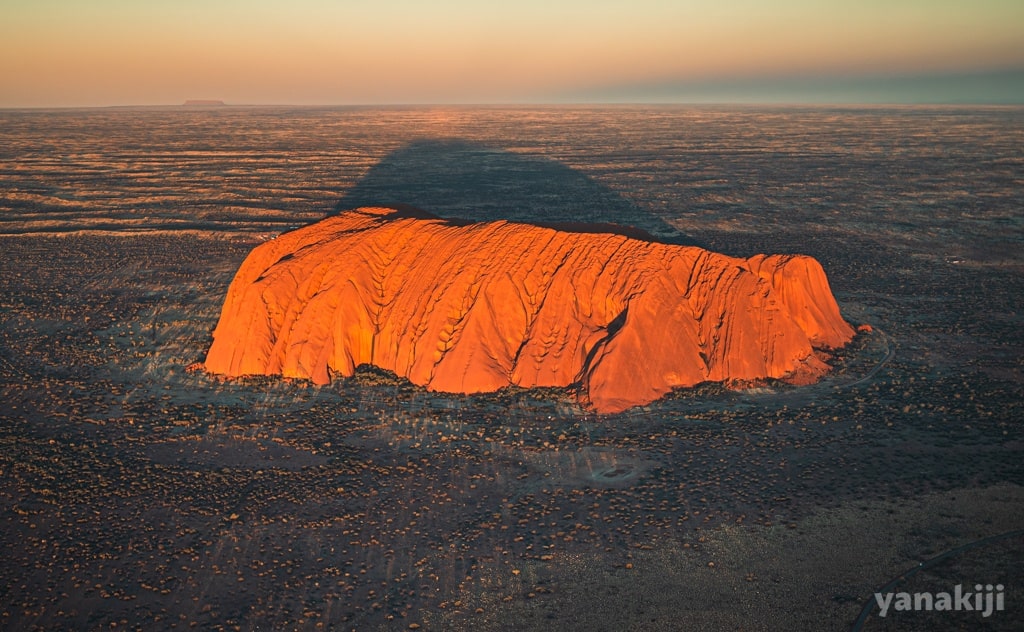 遮るものが何もない大地に、ウルルの影がとんでもなく長く伸びていて、綺麗でした。
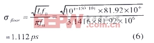 一般来说,VCO输出级放大器的热噪声基底可以看成有限带宽的高斯白噪声,其有效带宽大约为工作频率的两倍。当VCO正确地调谐到需要的输出频率时,噪声基底对抖动的影响可以用下面的公式计算:
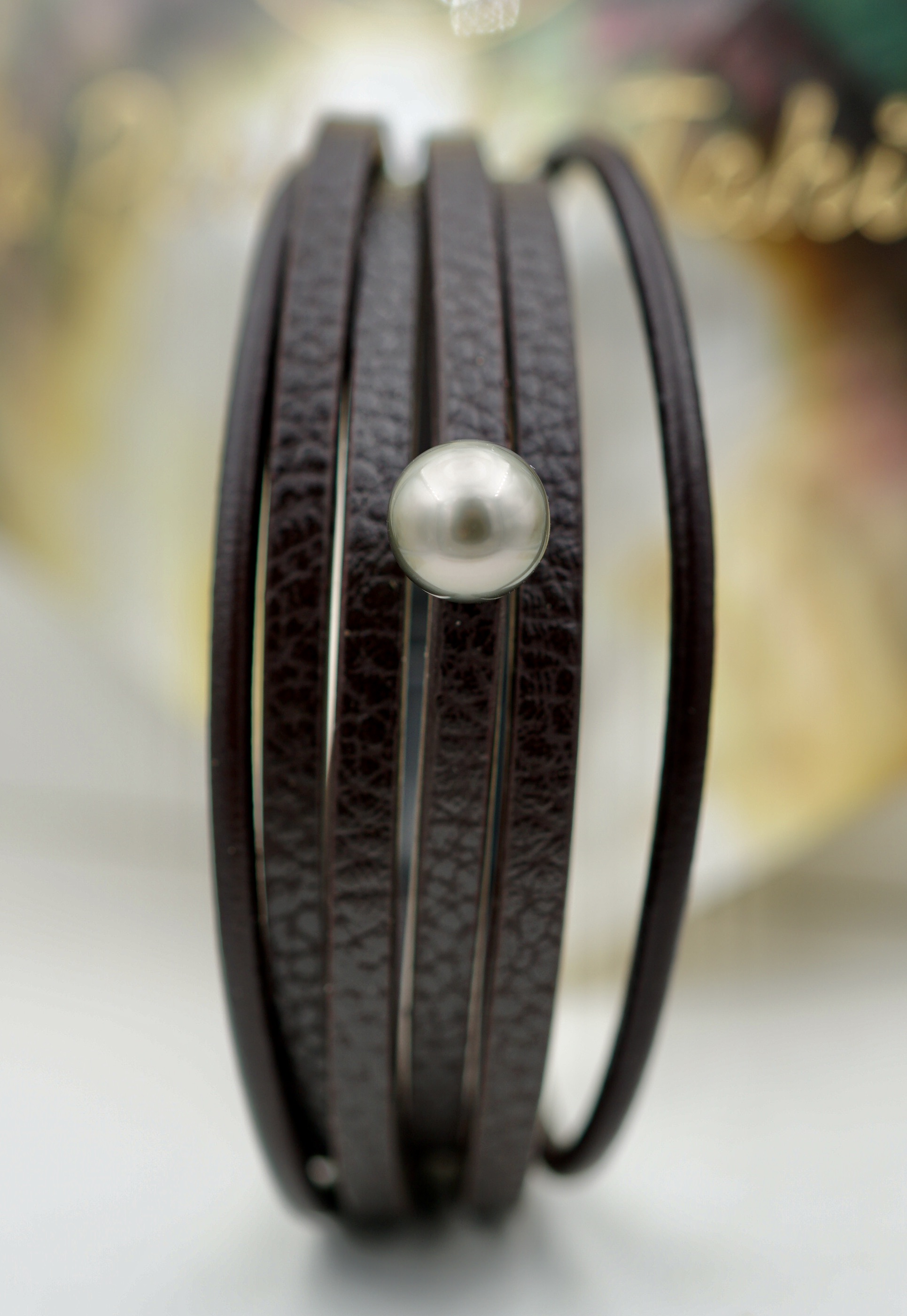 Bracelet en Perle de Tahiti sur Cuir – Harmonie Naturelle et Éclat Intemporel
------------------------------------
- [Assigned task] Print the material in full and exactly; the pictures must not be printed.

- [Solved exercise]
 遮るものが何もない大地に、ウルルの影がとんでもなく長く伸びていて、綺麗でした。
 一般来说,VCO输出级放大器的热噪声基底可以看成有限带宽的高斯白噪声,其有效带宽大约为工作频率的两倍。当VCO正确地调谐到需要的输出频率时,噪声基底对抖动的影响可以用下面的公式计算:
 Bracelet en Perle de Tahiti sur Cuir – Harmonie Naturelle et Éclat Intemporel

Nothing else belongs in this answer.